We have suffered losses this year too. The loss of close friends. The loss of loved ones. My dear friends have lost parents, others have lost close friends. Multiple people I know lost everything in fires in 2019. I am grateful for the people that remain a part of my life. I am grateful for all of those that have been part of my life in the past. Life goes on for all of us. Our paths just change but we are all still moving forward. For those that know more about my life than others, thank you for listening to the drama, the happiness, and the tears. For those that I have helped, thank you for allowing me to be part of your journey on this 3rd rock from the sun. I appreciate you and your struggles. It shows us we are all human. For all the hugs, smiles, handshakes and words that have been exchanged this year I am overly grateful.

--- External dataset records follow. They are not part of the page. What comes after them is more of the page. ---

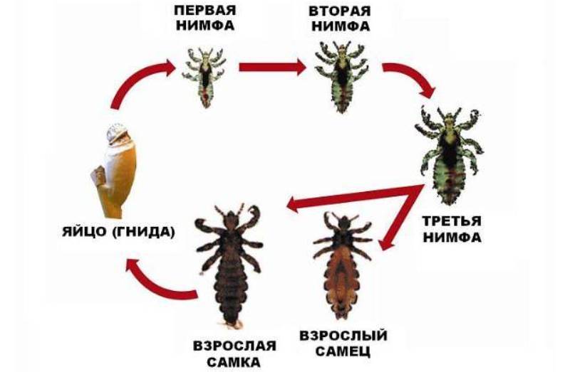 После спаривания с самцом у самки осеменяются яйцеклетки. Далее происходит процесс развития вши. Через пару часов с момента оплодотворения начинается первая откладка гнид.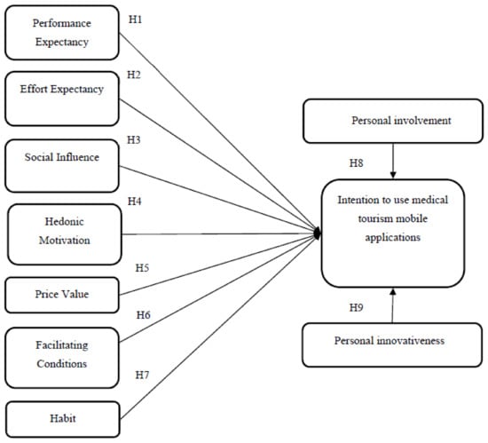 Hence, this study augments the application of the UTAUT2 and adds two individual factors (i.e., personal involvement and personal innovativeness) to explain users’ intentions regarding medical tourism mobile applications. Therefore, the primary purpose of this study was to combine the UTAUT2 and the two specific factors to improve the IT adoption model and better explain users’ intentions with respect to medical tourism mobile applications.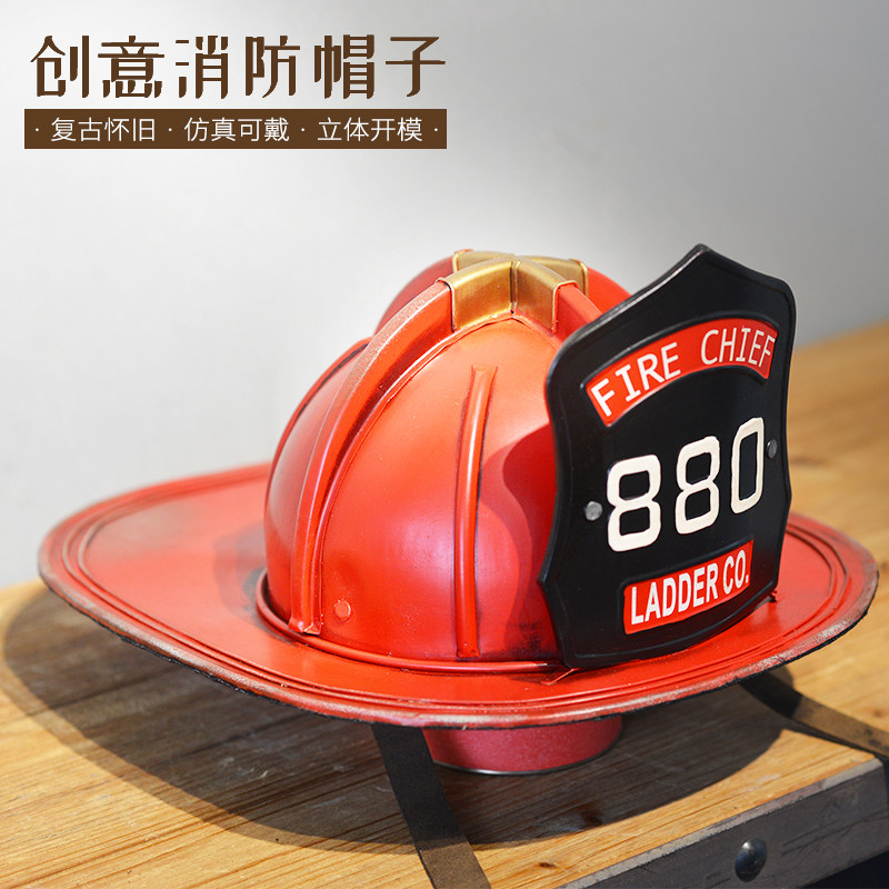 📚 美式消防帽摆件装饰品铁艺可穿戴消防员帽子店铺酒吧商场软装摆设

It is time to move onto another year as well as another decade. What does it mean for you? What does it mean for me? Time will tell I suppose. I will be training for massive cycling events again. I will be dragging my girls around the state to show them things they haven't seen. I need a vacation. Like a for real vacation. But overall, I just want to continue down this path I started on in 2019. Where I see what it feels like to be happy with who I am as a person. I still struggle with negative self talk, but I am working on that every day. I have to learn to love who I am to any good for anyone I am around. There was a big step this year, and with help of a counselor I have had some pretty major self discoveries. Trying to force life to happen instead of sitting back and just letting it happen. This was a big one for me. Patience, ride the wave and see what happens. Resilience, keep fighting the good fight. Honesty, the truth will really set you free. Be honest with everyone including yourself.
Sometimes the truth is hard to hear. But surround yourself with people that are not afraid to tell you the truth. These are the people that will build you up when you fall. I have these people around me and have sought their counsel early and often this year. The many in-depth conversations were bringing perspective that I never saw. I was able to say my peace on some things, and I took my push backs when it was necessary. Take the good with the bad.
I don't know what 2020 has in store for me. But I plan to do what I can to make it memorable. Lets have a fun year full of adventure, laughter, smiles, hugs, kisses, and bike rides. Because if I learned anything this year....it is that I am truly grateful to be alive and I cannot waste a life being angry or boring. Jump on my wheel, lets see where this year takes us!